As the pandemic continues to hammer the economy, more than 3.8 million workers in the United States filed unemployment claims during the week ending April 25, bringing the number to more than 30 million in the past six weeks, which is around 18 percent of the workforce.
Meanwhile, the seasonally adjusted insured unemployment rate surged to a record high of 12.4 percent for the week ended April 18, Labor Department figures released April 30 show (pdf).
“This marks the highest level of the seasonally adjusted insured unemployment rate in the history of the seasonally adjusted series,” the Labor Department stated, also noting that “the COVID-19 virus continues to impact the number of initial claims and insured unemployment.”
The number of people filing initial jobless claims for the week ending April 25 was 3,839,000, while the previous week’s level was revised up by 15,000 to 4,442,000.
The longest ever employment boom in U.S. history started in September 2010 and added some 22 million jobs. It was cut short in February by a shutdown of much of the economy alongside strict social-distancing measures put in place after the outbreak of the CCP virus, commonly known as the novel coronavirus.
“The U.S. economy is hemorrhaging jobs at a pace and scale never before recorded,” said Scott Anderson, chief economist at Bank of the West in San Francisco. “It compares to a natural disaster on a national scale.”
The number of continuing claims, which represent people receiving ongoing unemployment benefits, grew to 18 million for the week ending April 25, far exceeding the peak of 6.6 million during the Great Recession.
The insured unemployment rate for the week ending April 18 grew by 1.5 percent from the previous week’s rate to 12.4 percent last week.

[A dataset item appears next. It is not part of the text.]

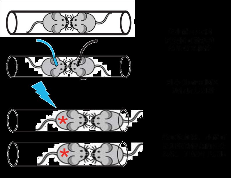 小鼠“钻管测试”中,研究人员将两只小鼠分别从管道两边进入,当小鼠碰面时,社会等级更高的小鼠会迫使对方用后退的方式退出管道,使自己得以顺利通过。如果两只小鼠的社会地位相当,它们将在管道中发生争斗,直至某一方获胜。胡海岚团队的工作发现激活mPFC区可以显著提高小鼠战胜对手、顺利通过管道的概率。
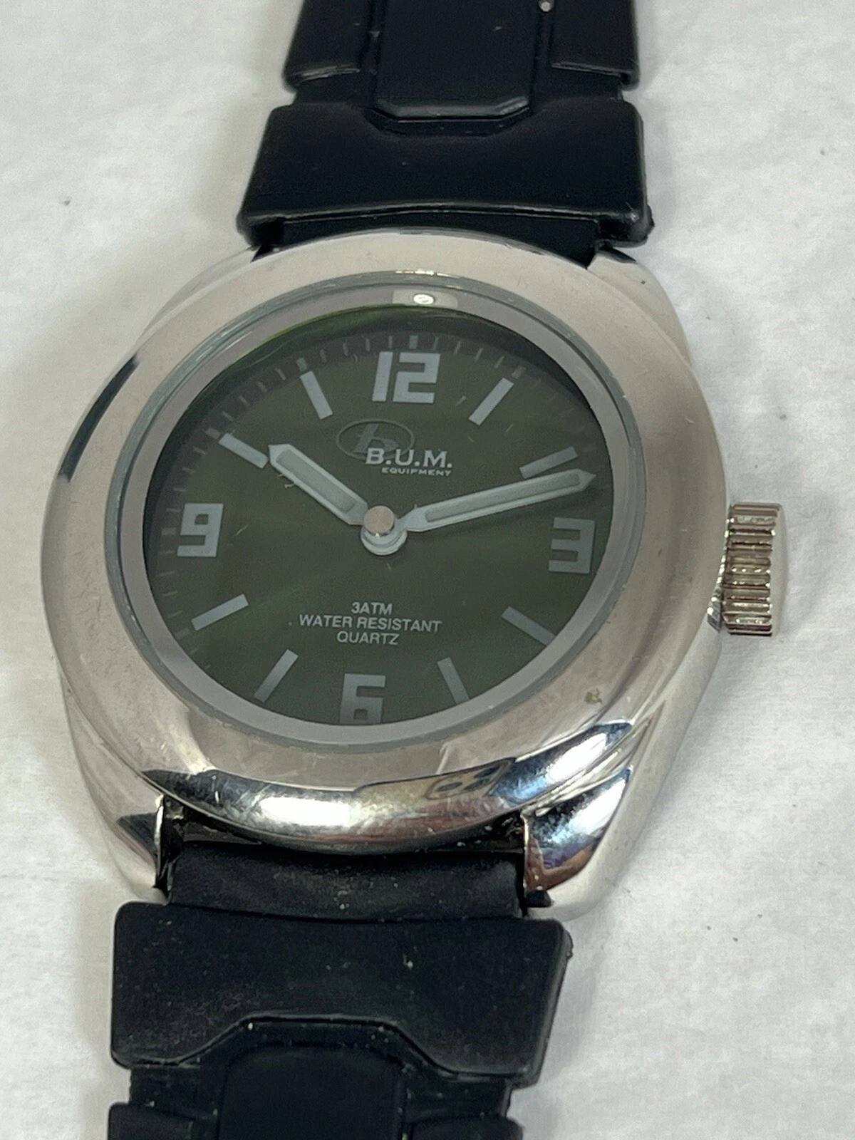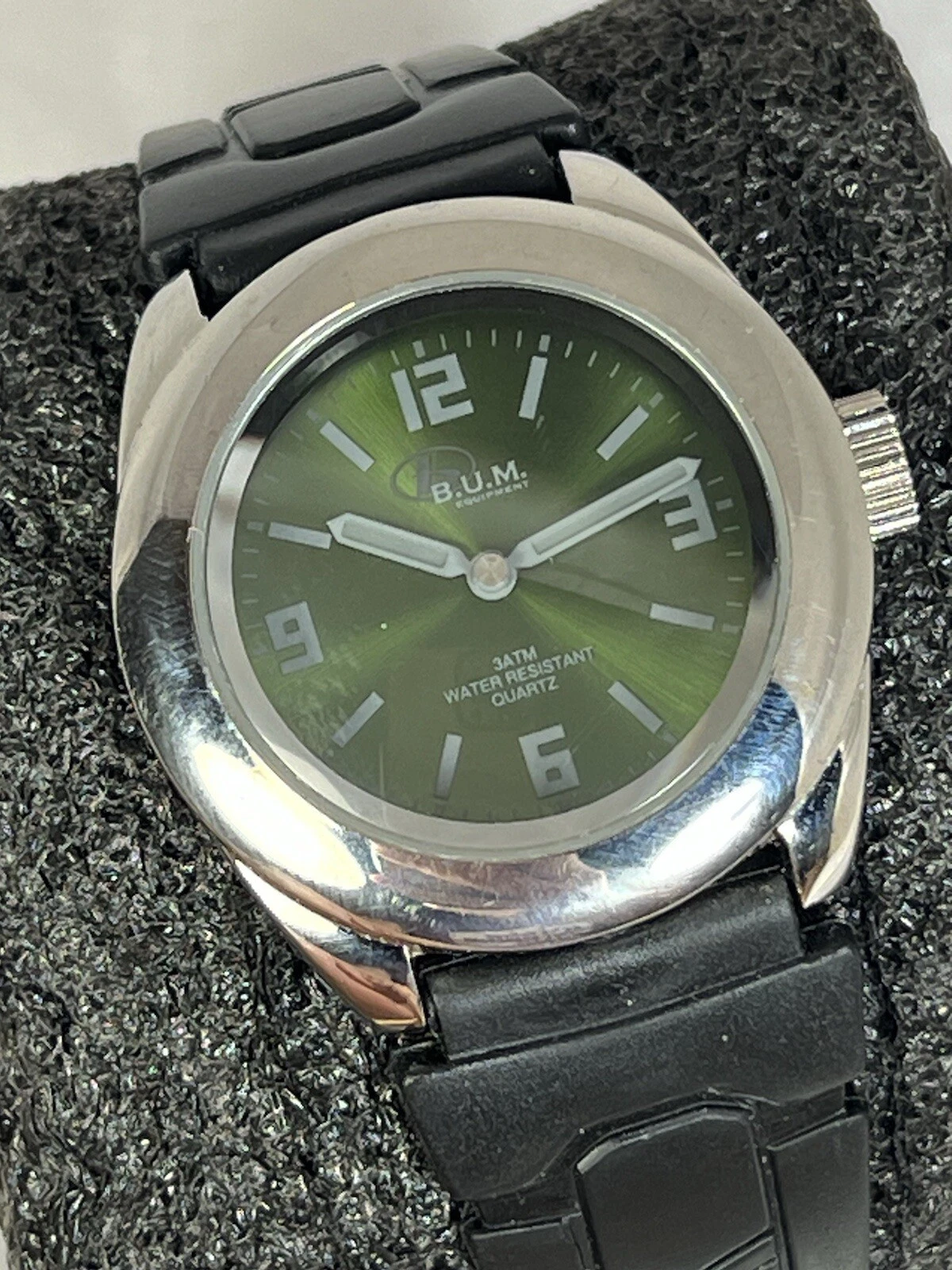 Vintage B.U.M. Equipment Watch w/Color Changing Black To Green Dial -New Battery

When the insured jobless rate hit 8.2 percent for the week ending April 4, it broke the previous record of 7.0 percent set in May 1975.

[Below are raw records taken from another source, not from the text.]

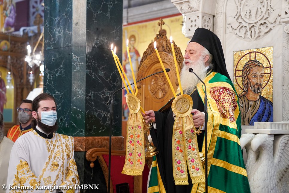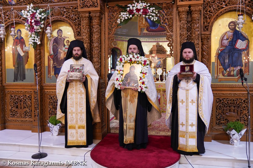 Ἄς τόν προσκυνήσουμε καί ἄς τόν ἀσπασθοῦμε καί ἐμεῖς μέ πίστη καί ἄς τόν παρακαλέσουμε νά γίνει καί γιά μᾶς «φυλακτήριο καί πηγή ἁγιά­σμα­τος» καί νά προστατεύει πά­ντο­τε ἀπό κάθε κίνδυνο καί κάθε κακό καί τήν πατρίδα μας καί τόν καθένα μας ξεχωριστά καί νά μᾶς ἀπαλλάξει τό συντομότερο ἀπό αὐτή τή φοβερή πανδημία, διά πρεσβειῶν καί τῶν ἑορταζομένων ἁγίων, τοῦ ὁσίου καί θεοφόρου πατρός ἡμῶν Ἀντω­νίου τοῦ νέου, τοῦ Βεροιέως, τῶν ἁγίων ἑπτά Μακ­καβαίων, τῆς μητέρας τους ἁγίας Σολομονῆς καί τοῦ διδα­σκάλου τους ἁγίου Ἐλεαζάρου.
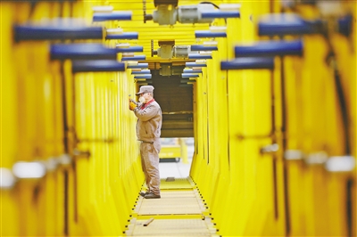 浙江省湖州市莫干山高新区数字化车间,工人在检测零部件产品。近年来,该高新区实施数字化改革,优化营商环境,“浙里办”“企业码”等服务端全面覆盖企业办事需求,全方位畅通商事审批办理渠道,有效激发市场主体活力。 谢尚国摄(人民视觉)
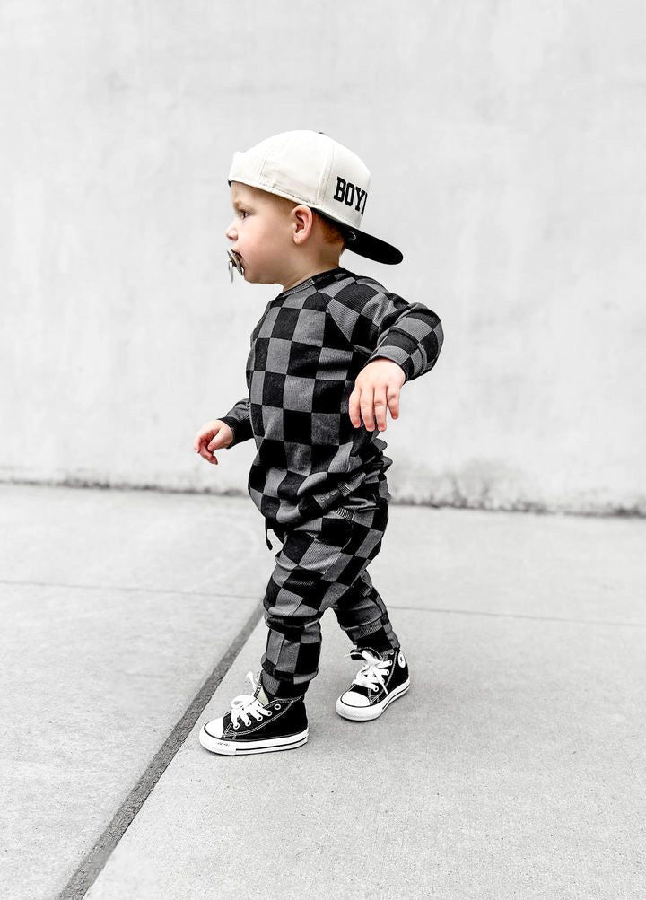 Organic Ribbed Set in Smoke + Storm
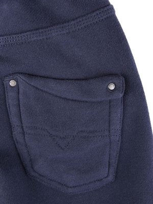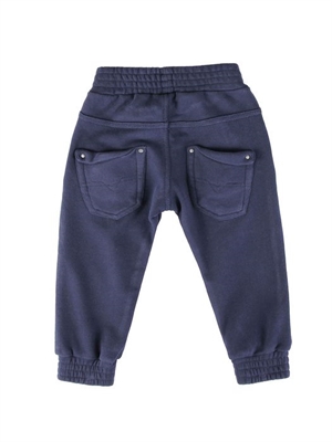 Five pocket set, fabric dyed heavy fleece without inside brush, logo detail.

The new jobless claims report comes on the heels of a dismal headline gross domestic product (GDP) number, released by the Commerce Department on April 29.
The pandemic has plunged the U.S. economy into its most severe quarterly contraction since the Great Recession, with first-quarter output dropping by an annualized rate of 4.8 percent.
The Commerce Department’s seasonally adjusted, annualized quarter-on-quarter GDP number, typically abbreviated as SAAR QoQ, is an advance estimate and subject to revision.
The Commerce Department partly blamed the pandemic for the dramatic plunge in output.
“The decline in first-quarter GDP was, in part, due to the response to the spread of COVID-19, as governments issued ‘stay-at-home’ orders in March,” the department stated in a note. “This led to rapid changes in demand, as businesses and schools switched to remote work or canceled operations, and consumers canceled, restricted, or redirected their spending.”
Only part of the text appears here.